Smoky Goat Cheese Dip

Smoky-Goat-Cheese-DipLooking for a new dip to serve to guests? This has a wonderful refreshing flavour of fresh herbs and tomatoes with a hint of smokiness from the smoked paprika. The hint of cayenne offers up a little heat that can easily be left out or increased depending on your taste.

Prep Time: 15 minutes

Cook Time: n/a

1 cup (250 mL) 0% plain Greek yogurt

5 oz (150 g – half a 10 oz/300 g log) Ontario chevre (soft, unripened goat cheese)

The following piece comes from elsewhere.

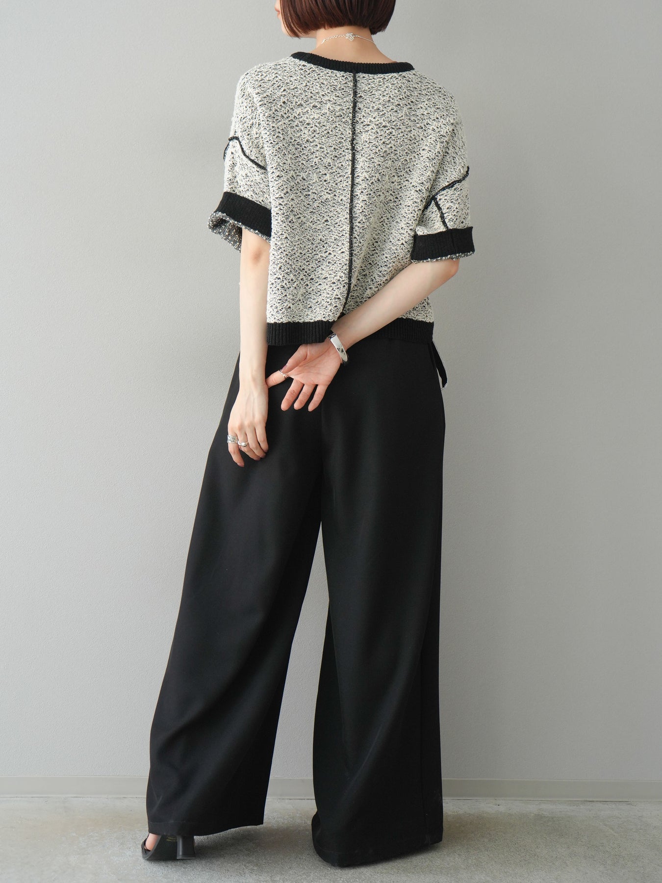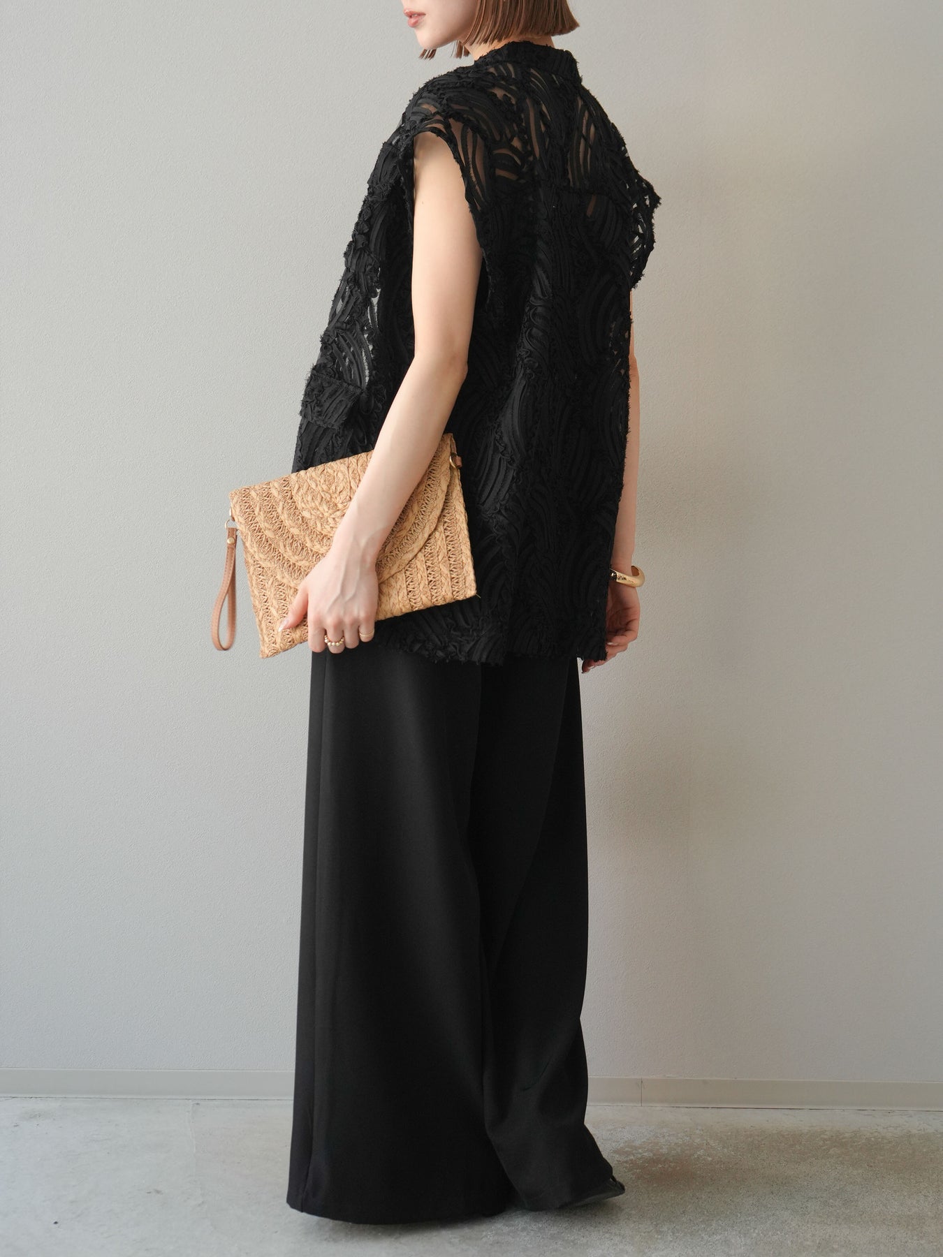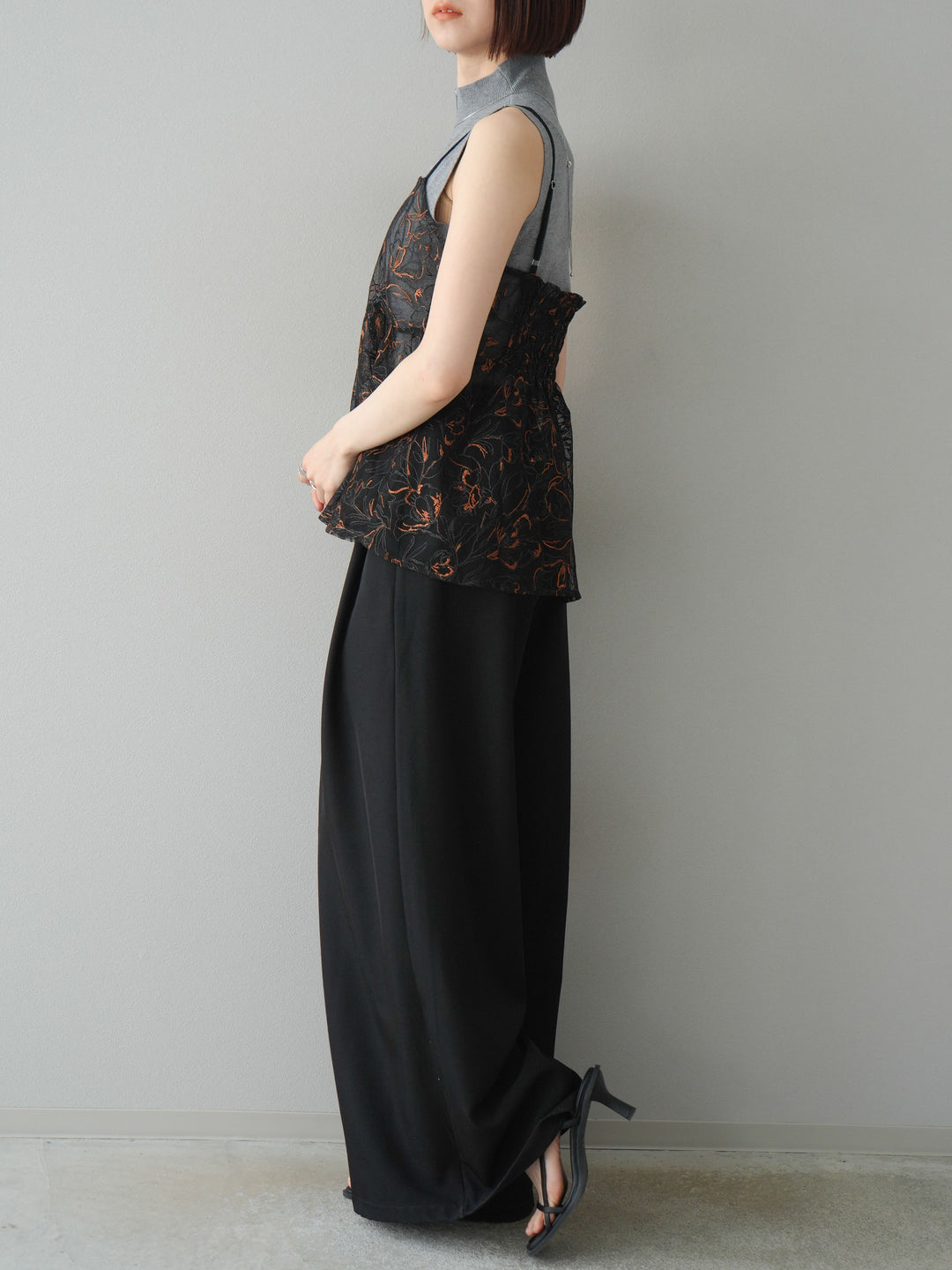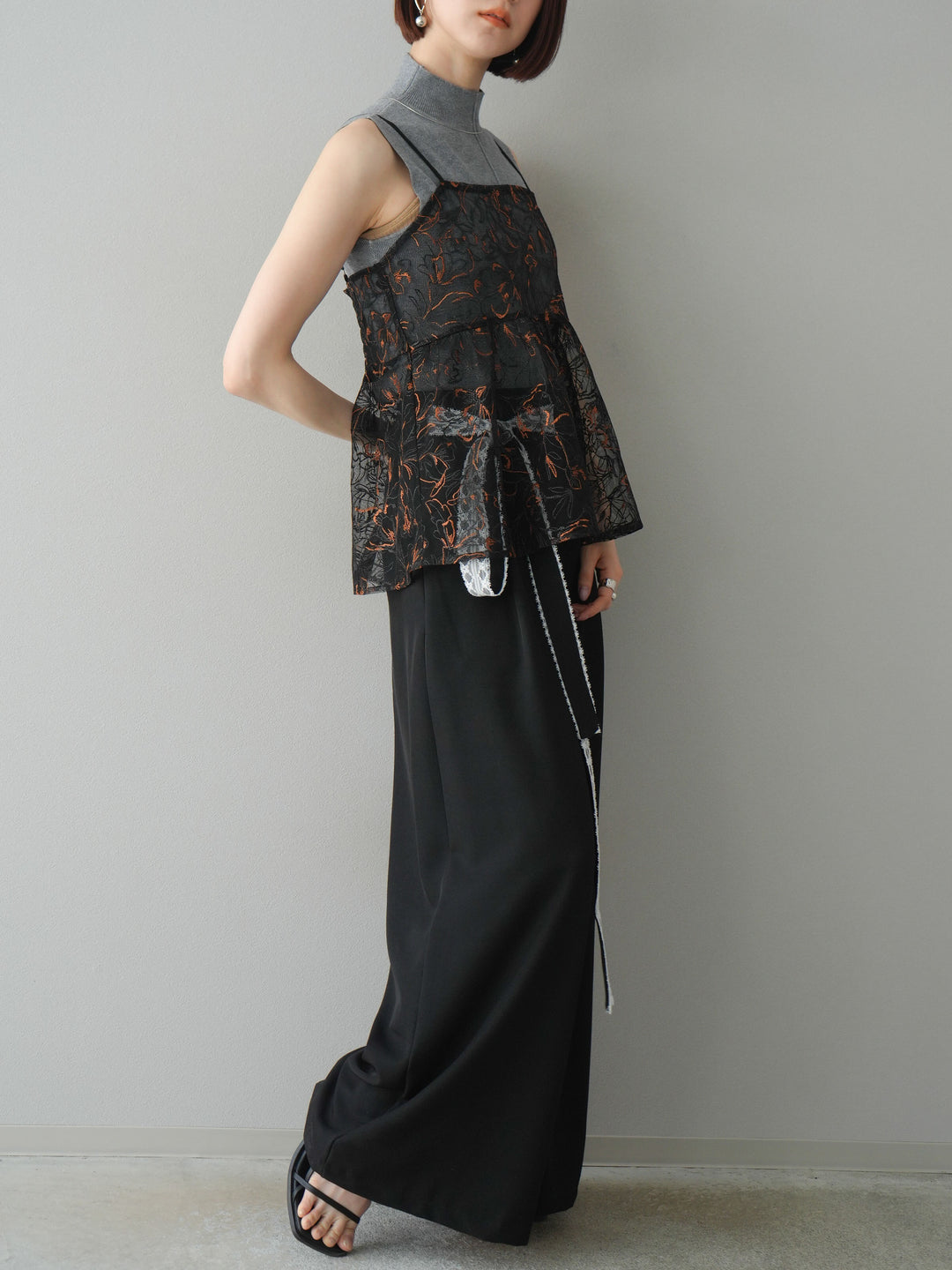 [予約]レースベルトデザインワイドパンツ/ブラック

1/4 cup (50 mL) chopped fresh basil

3 tbsp (45 mL) finely chopped sundried tomatoes in oil, drained

1 clove garlic, grated

1/2 tsp (2 mL) smoked paprika

Pinch cayenne pepper

1 pkg (250 g) naan or other flatbread, cut into triangles

In a bowl, stir together yogurt, goat cheese, basil, tomatoes, garlic, paprika and cayenne pepper.

Serve with flatbread.

Makes 1 1/2 cups (375 mL).

Tip: Cover and refrigerate for up to 3 days.

Spicy Variation: Stir in 1/4 tsp (1 mL) cayenne pepper.

You can substitute regular paprika for the smoked paprika.

Look for Greek goat yogurt where available and substitute for yogurt in recipe.

Try using this dip spread on chicken or fish and bake for a new dinner idea. You can also butterfly chicken or turkey breasts and use it as a stuffing before baking.

Per serving (2 tbsp/25 mL dip with naan):  About 130 cal, 8 g pro, 6 g total fat (3 g sat fat), 12 g carb, 1 g fibre, 14 mg chol, 247 mg sodium. %RDI: iron 10%, calcium 13%, vit A 6%, vit C 3%

Source:  Ontario Goat Cheese (ontariogoatcheese.ca)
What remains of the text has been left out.